The material below includes pictures; leave them out and return only the lines between the line containing "Артема Зеленского смерть" and the line containing "These tanks are", inclusive, word for word.
-------- Records for the exercise
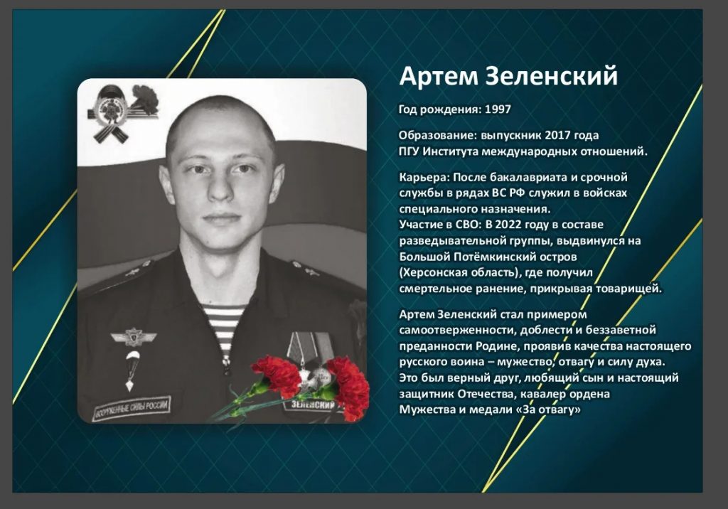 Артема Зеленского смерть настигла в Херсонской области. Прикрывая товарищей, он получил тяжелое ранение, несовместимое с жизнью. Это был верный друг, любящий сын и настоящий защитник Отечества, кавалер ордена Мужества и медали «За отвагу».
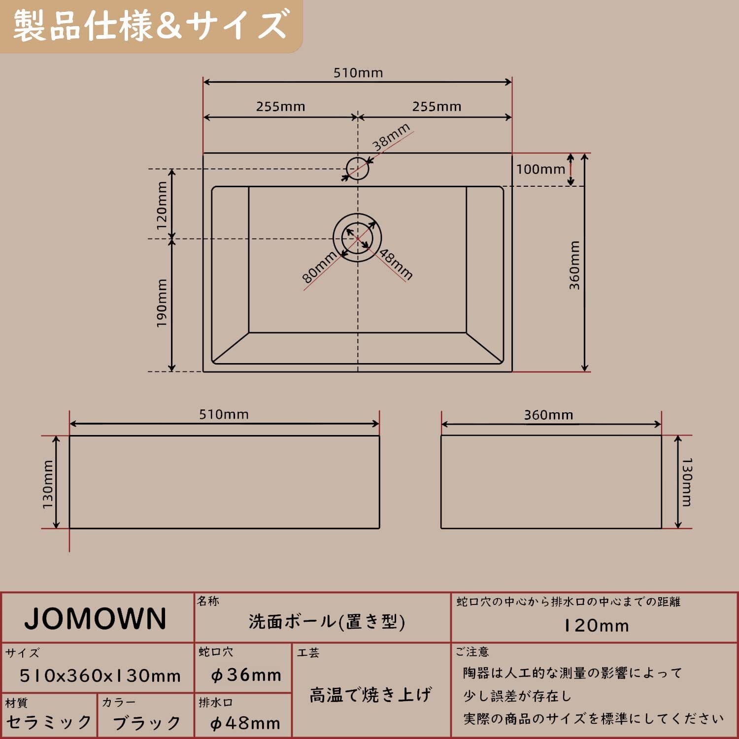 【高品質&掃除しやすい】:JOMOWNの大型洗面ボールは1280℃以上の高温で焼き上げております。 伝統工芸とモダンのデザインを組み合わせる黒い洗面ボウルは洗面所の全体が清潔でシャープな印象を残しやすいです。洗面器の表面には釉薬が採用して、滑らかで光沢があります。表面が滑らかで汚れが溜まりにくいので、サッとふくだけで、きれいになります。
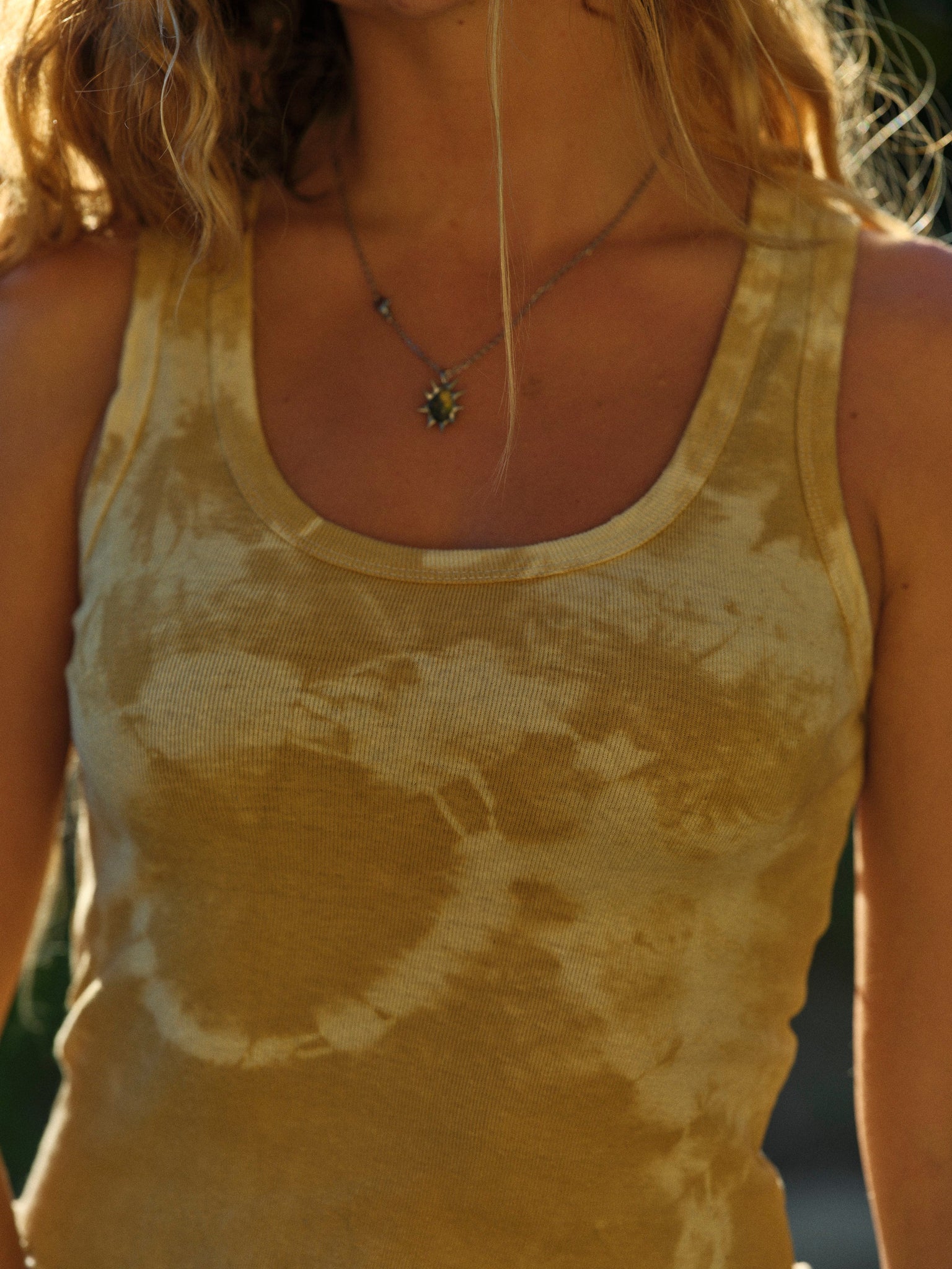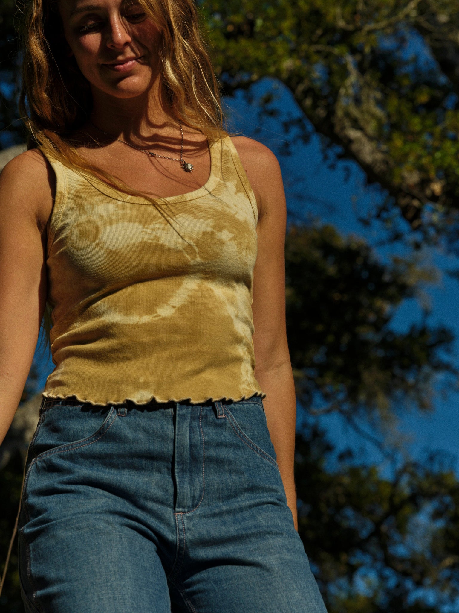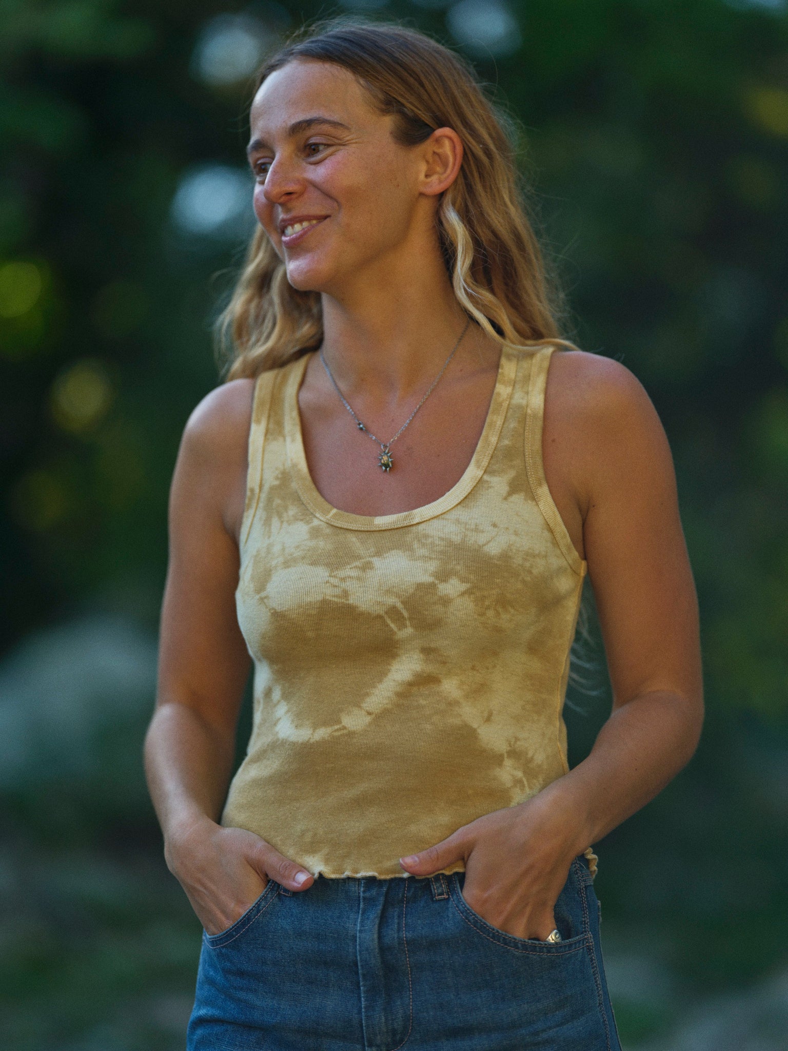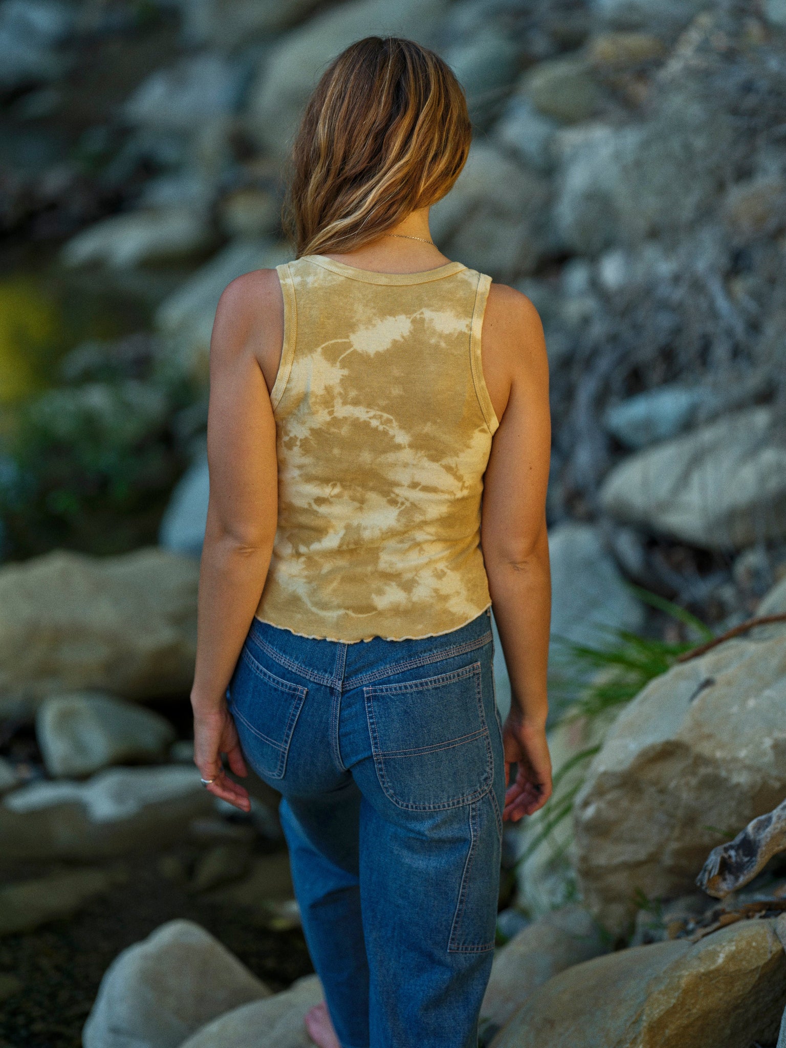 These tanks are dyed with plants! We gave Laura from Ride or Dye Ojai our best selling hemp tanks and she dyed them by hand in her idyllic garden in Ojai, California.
----------------
-------- Records for the exercise
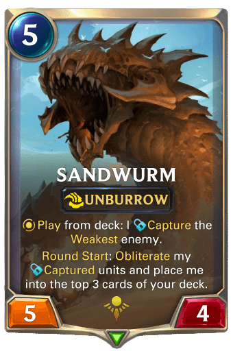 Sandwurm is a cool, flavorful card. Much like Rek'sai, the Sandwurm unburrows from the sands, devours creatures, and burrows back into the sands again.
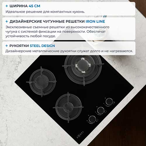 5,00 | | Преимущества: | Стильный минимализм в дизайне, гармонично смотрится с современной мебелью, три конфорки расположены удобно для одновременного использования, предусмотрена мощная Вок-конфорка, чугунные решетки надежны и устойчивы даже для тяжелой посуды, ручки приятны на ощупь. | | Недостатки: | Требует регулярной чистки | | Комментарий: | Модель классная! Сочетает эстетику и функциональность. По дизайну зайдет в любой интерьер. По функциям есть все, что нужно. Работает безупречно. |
----------------
_Result for this task:_
 Артема Зеленского смерть настигла в Херсонской области. Прикрывая товарищей, он получил тяжелое ранение, несовместимое с жизнью. Это был верный друг, любящий сын и настоящий защитник Отечества, кавалер ордена Мужества и медали «За отвагу».
 【高品質&掃除しやすい】:JOMOWNの大型洗面ボールは1280℃以上の高温で焼き上げております。 伝統工芸とモダンのデザインを組み合わせる黒い洗面ボウルは洗面所の全体が清潔でシャープな印象を残しやすいです。洗面器の表面には釉薬が採用して、滑らかで光沢があります。表面が滑らかで汚れが溜まりにくいので、サッとふくだけで、きれいになります。
 These tanks are dyed with plants! We gave Laura from Ride or Dye Ojai our best selling hemp tanks and she dyed them by hand in her idyllic garden in Ojai, California.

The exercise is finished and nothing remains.